Gloster is a town in central Amite County, Mississippi, United States. The population was 897 at the 2020 census.

History
Gloster was incorporated on March 11, 1884.

It was largely founded as a railroad town. Gloster was named after the engineer who put the Yazoo and Mississippi Valley R.R. through in the 1880s.

Drax Biomass operates a  per year wood pellet production facility in Gloster. The facility was expected to create 45 jobs, and is called Amite BioEnergy.

Economic revival 
Governor Tate Reeves of Mississippi came down to Gloster to announce Claw Forestry Services will build a $200 million sawmill on about 50 acres comprising the former Georgia-Pacific mill site and the adjoining former elementary school property. The elementary school has been closed for many years. Mayor Jerry Norwood said the announcement is "one of the proudest moments in my life, and my proudest moment as mayor." 

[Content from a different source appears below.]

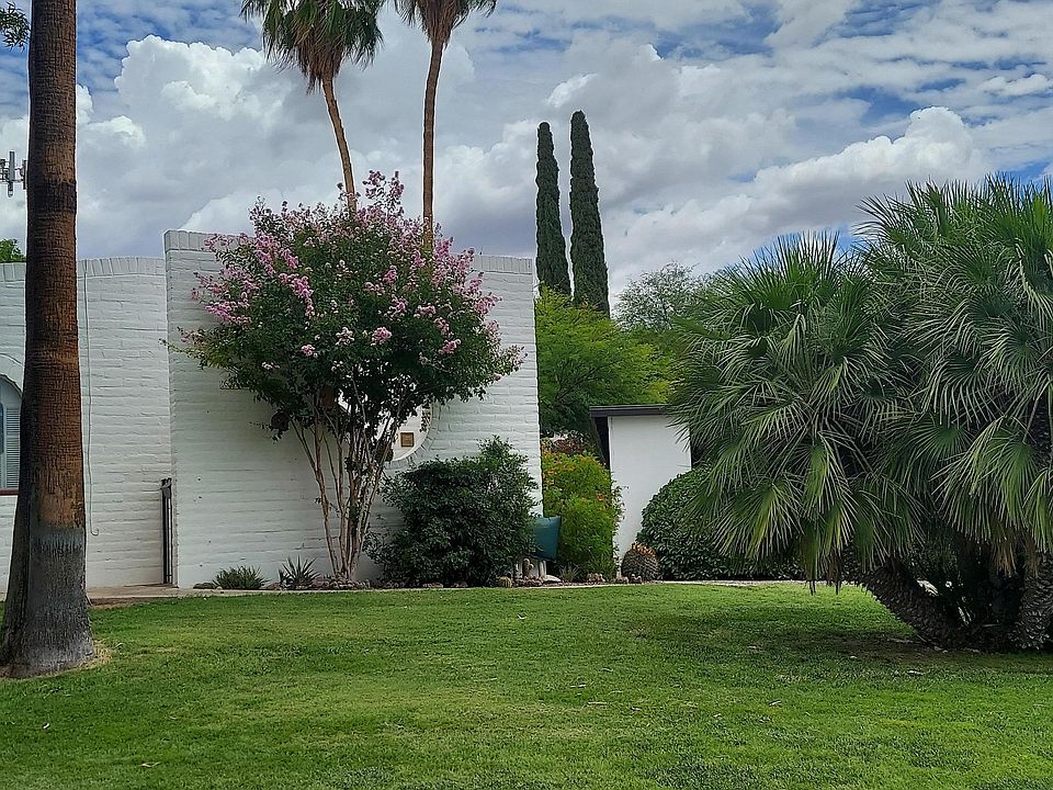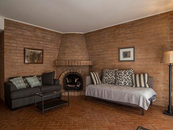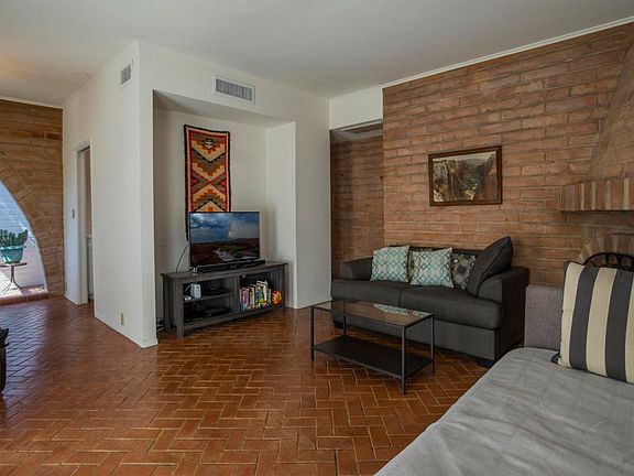 This unique unit has the southwest ambience with archways, beehive fireplace and custom brick floors. Two separate patios, one for the entrance to welcome your guests and a private interior patio off master and kitchen. Separate storage with washer and dryer which convey plus carport storage bonus. Location, magnificent. Close to Tucson mall, multitude of restaurants and shopping galore. In this 55+ the grounds are peaceful and impeccably kept. Pool is a short stroll. It's the easy living you deserve!

William VanDevender, chief executive officer of Claw, said once the plant is up and running, it should produce about 250 million board-feet of lumber a year, using about 1 million tons of logs annually, and make sales of more than $100 million a year. VanDevender and other Claw officials "recognize the quality of the workforce and the quality of the timber basket in Southwest Mississippi," Reeves said after the presentation. "This will benefit not just the 130 families that have workers at the plant, but boost timber owners across a four to five-county region."

Governor Reeves said, "he expects Southwest Mississippi Community College will play a large role in providing training for employees at the plant.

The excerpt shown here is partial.